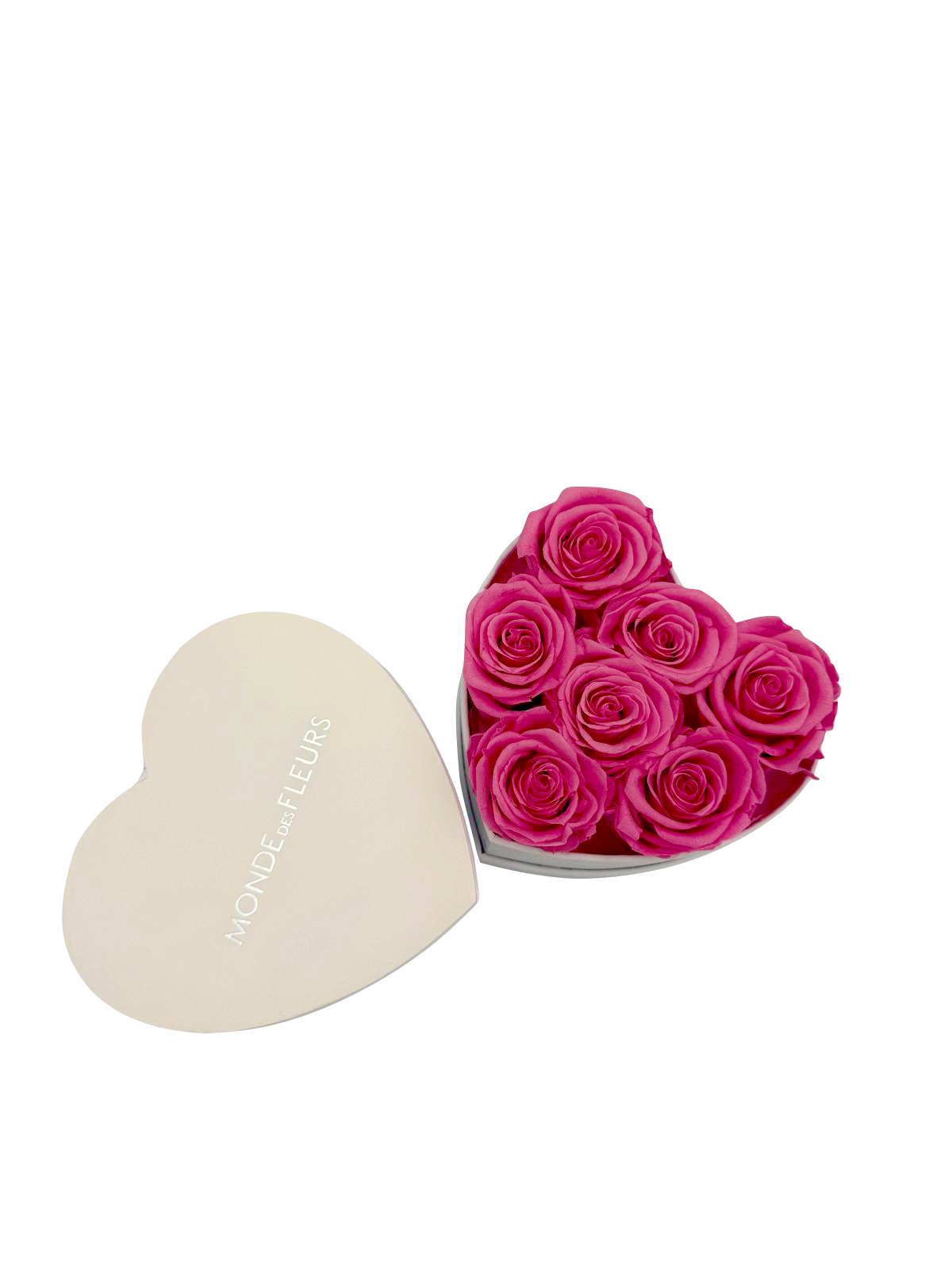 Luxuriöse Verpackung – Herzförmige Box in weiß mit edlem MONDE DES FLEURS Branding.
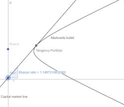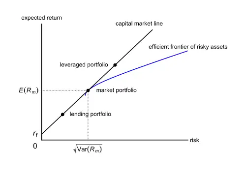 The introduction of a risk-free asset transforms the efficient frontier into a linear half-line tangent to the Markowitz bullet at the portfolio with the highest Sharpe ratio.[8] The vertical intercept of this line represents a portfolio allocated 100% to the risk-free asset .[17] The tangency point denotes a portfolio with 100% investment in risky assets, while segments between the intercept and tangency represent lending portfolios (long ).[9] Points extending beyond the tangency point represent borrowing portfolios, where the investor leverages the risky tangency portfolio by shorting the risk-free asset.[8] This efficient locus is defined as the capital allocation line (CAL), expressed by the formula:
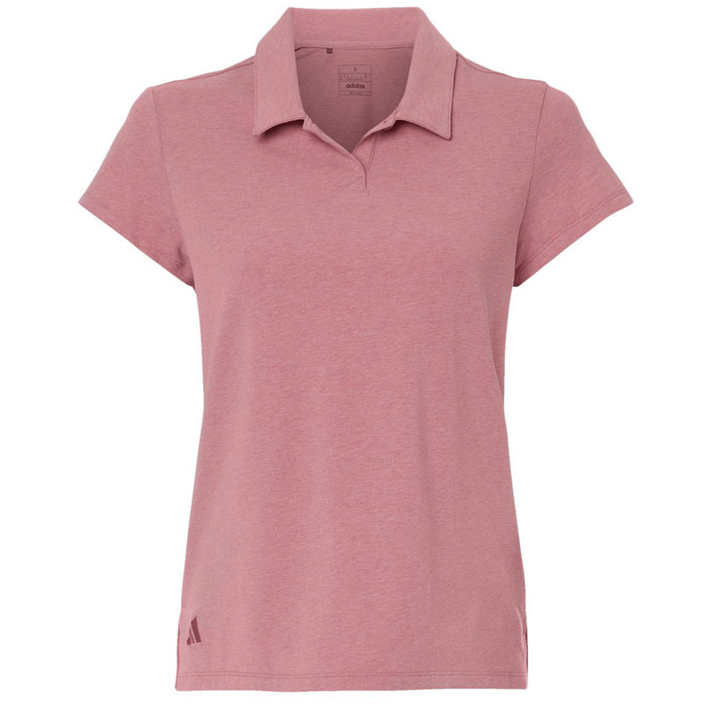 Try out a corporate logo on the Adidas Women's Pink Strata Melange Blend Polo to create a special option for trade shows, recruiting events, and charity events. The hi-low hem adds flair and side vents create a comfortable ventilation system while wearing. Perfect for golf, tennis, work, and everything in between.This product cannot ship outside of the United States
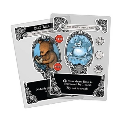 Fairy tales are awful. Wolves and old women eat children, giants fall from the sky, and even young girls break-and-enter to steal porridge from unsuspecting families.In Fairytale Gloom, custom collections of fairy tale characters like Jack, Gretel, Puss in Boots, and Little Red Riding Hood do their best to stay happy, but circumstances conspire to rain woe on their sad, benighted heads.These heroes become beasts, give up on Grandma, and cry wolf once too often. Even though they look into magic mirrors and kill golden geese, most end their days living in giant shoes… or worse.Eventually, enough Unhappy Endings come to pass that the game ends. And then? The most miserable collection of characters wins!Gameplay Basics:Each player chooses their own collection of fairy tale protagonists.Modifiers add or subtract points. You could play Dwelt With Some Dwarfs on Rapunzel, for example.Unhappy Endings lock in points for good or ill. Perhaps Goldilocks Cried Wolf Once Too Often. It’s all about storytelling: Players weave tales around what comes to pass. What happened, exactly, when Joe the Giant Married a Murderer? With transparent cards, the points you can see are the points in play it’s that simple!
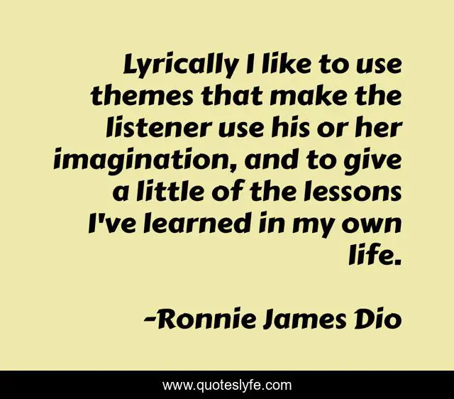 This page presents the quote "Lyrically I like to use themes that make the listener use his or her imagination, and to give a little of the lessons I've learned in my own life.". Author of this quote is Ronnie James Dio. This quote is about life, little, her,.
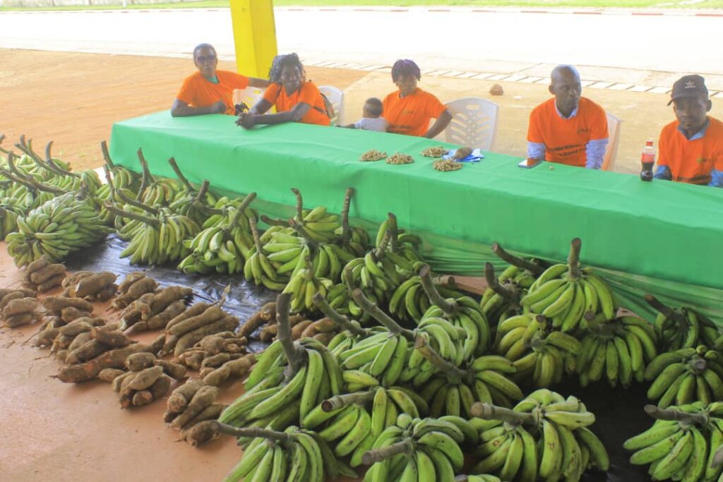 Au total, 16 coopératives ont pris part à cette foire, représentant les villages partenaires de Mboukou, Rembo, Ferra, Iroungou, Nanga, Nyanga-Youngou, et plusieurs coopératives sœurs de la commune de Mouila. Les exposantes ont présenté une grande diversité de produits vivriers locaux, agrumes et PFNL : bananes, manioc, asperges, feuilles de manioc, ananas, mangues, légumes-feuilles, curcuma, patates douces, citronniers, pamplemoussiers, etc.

..............................

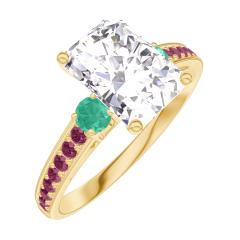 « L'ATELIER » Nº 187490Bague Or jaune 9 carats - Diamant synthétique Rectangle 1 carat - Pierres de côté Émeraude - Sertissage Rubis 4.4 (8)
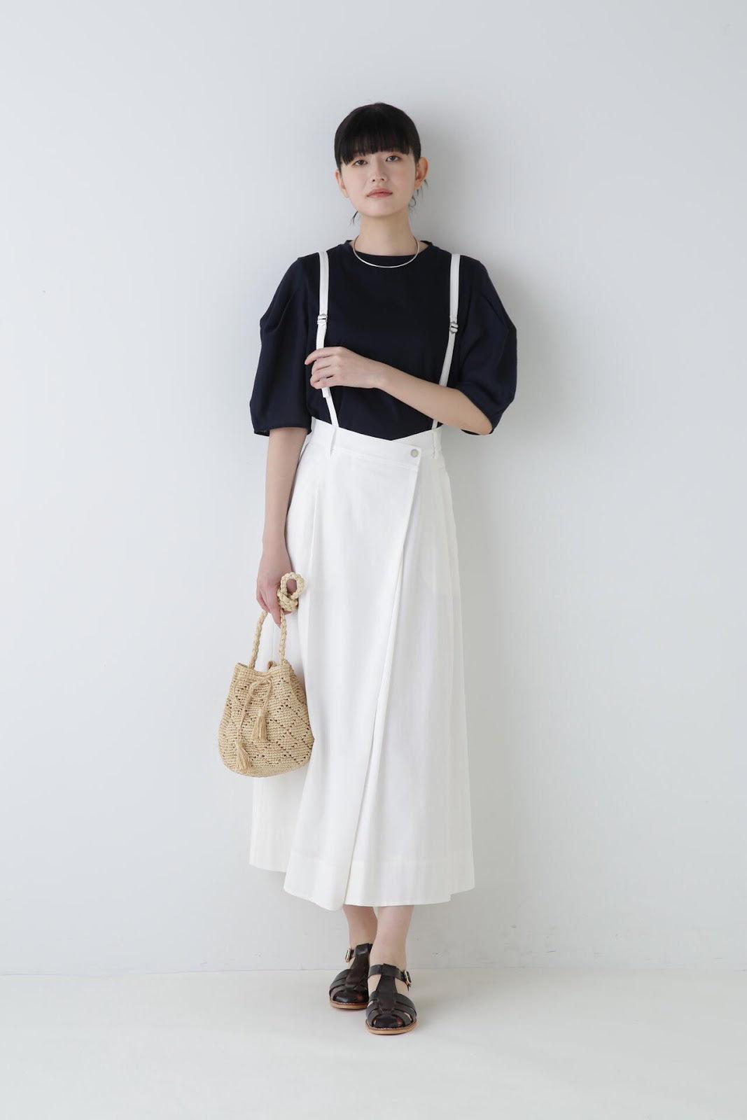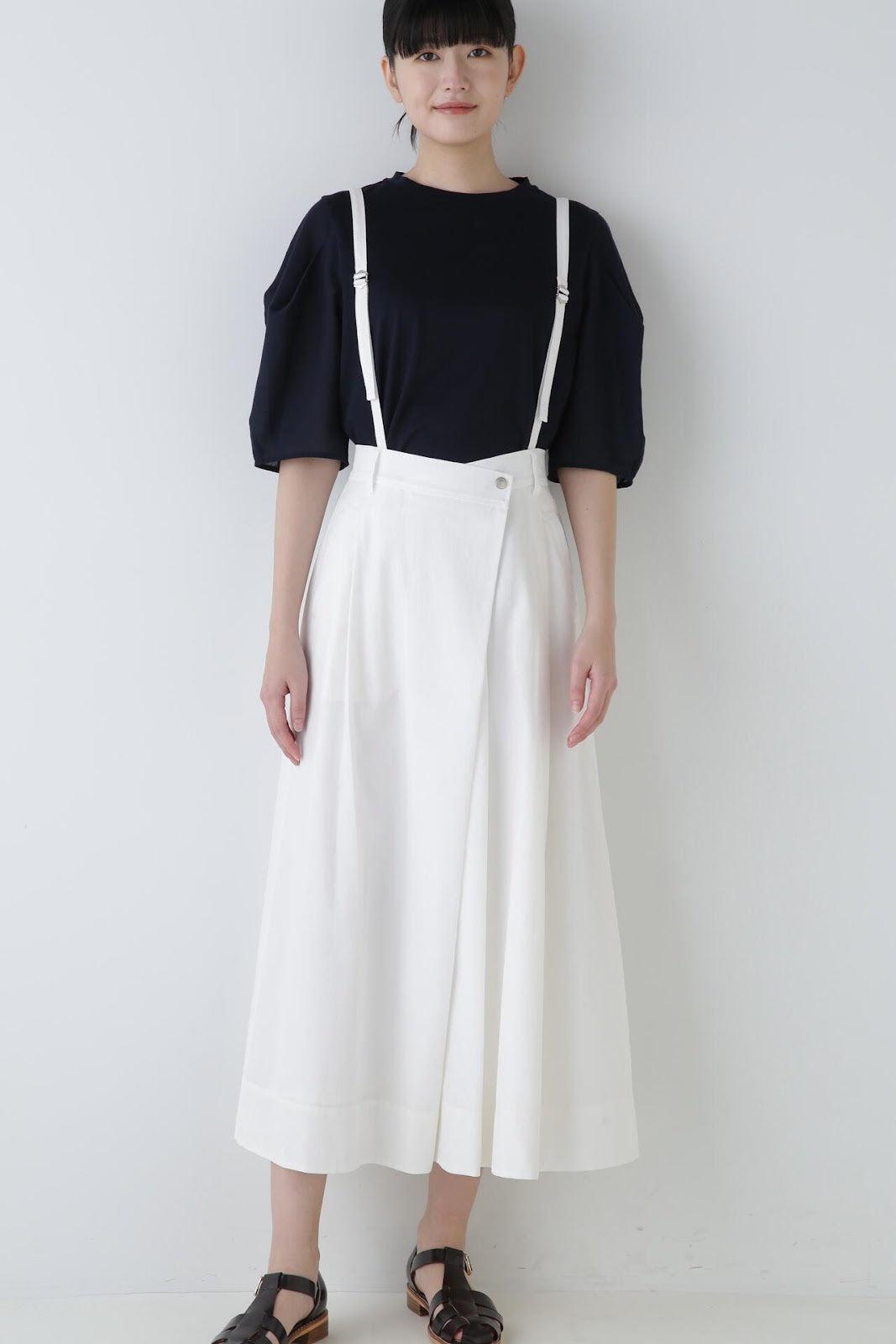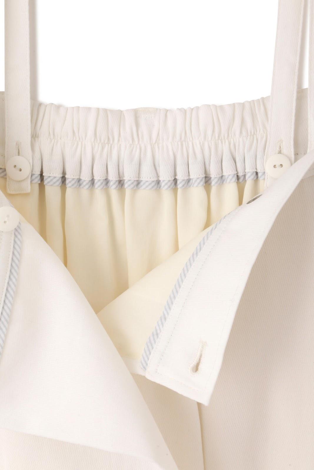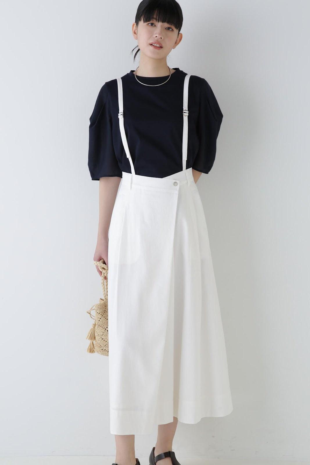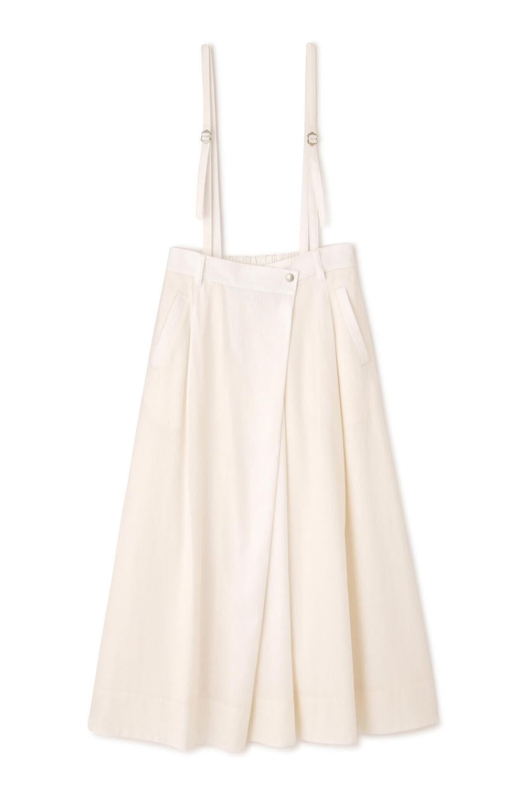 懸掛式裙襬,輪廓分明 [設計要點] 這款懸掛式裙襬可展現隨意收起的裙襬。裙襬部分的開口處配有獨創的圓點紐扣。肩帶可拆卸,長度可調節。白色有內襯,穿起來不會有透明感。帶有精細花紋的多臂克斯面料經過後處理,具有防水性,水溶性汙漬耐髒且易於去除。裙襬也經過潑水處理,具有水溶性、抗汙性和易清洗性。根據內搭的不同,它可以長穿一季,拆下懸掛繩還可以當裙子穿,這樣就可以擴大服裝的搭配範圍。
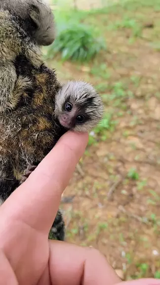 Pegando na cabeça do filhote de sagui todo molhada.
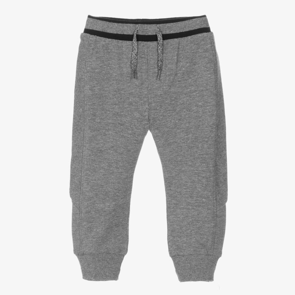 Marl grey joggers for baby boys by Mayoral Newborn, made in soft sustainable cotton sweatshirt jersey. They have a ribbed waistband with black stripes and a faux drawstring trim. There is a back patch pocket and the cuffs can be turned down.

..............................

▸ **WHAT IS REQUIRED**
Using the data above, retype exactly the lines from the line with "Luxuriöse Verpackung –" to the line with "Try out a corporate", inclusive. No pictures and nothing else.

▸ **ANSWER TO THIS TASK**
 Luxuriöse Verpackung – Herzförmige Box in weiß mit edlem MONDE DES FLEURS Branding.
 The introduction of a risk-free asset transforms the efficient frontier into a linear half-line tangent to the Markowitz bullet at the portfolio with the highest Sharpe ratio.[8] The vertical intercept of this line represents a portfolio allocated 100% to the risk-free asset .[17] The tangency point denotes a portfolio with 100% investment in risky assets, while segments between the intercept and tangency represent lending portfolios (long ).[9] Points extending beyond the tangency point represent borrowing portfolios, where the investor leverages the risky tangency portfolio by shorting the risk-free asset.[8] This efficient locus is defined as the capital allocation line (CAL), expressed by the formula:
 Try out a corporate logo on the Adidas Women's Pink Strata Melange Blend Polo to create a special option for trade shows, recruiting events, and charity events. The hi-low hem adds flair and side vents create a comfortable ventilation system while wearing. Perfect for golf, tennis, work, and everything in between.This product cannot ship outside of the United States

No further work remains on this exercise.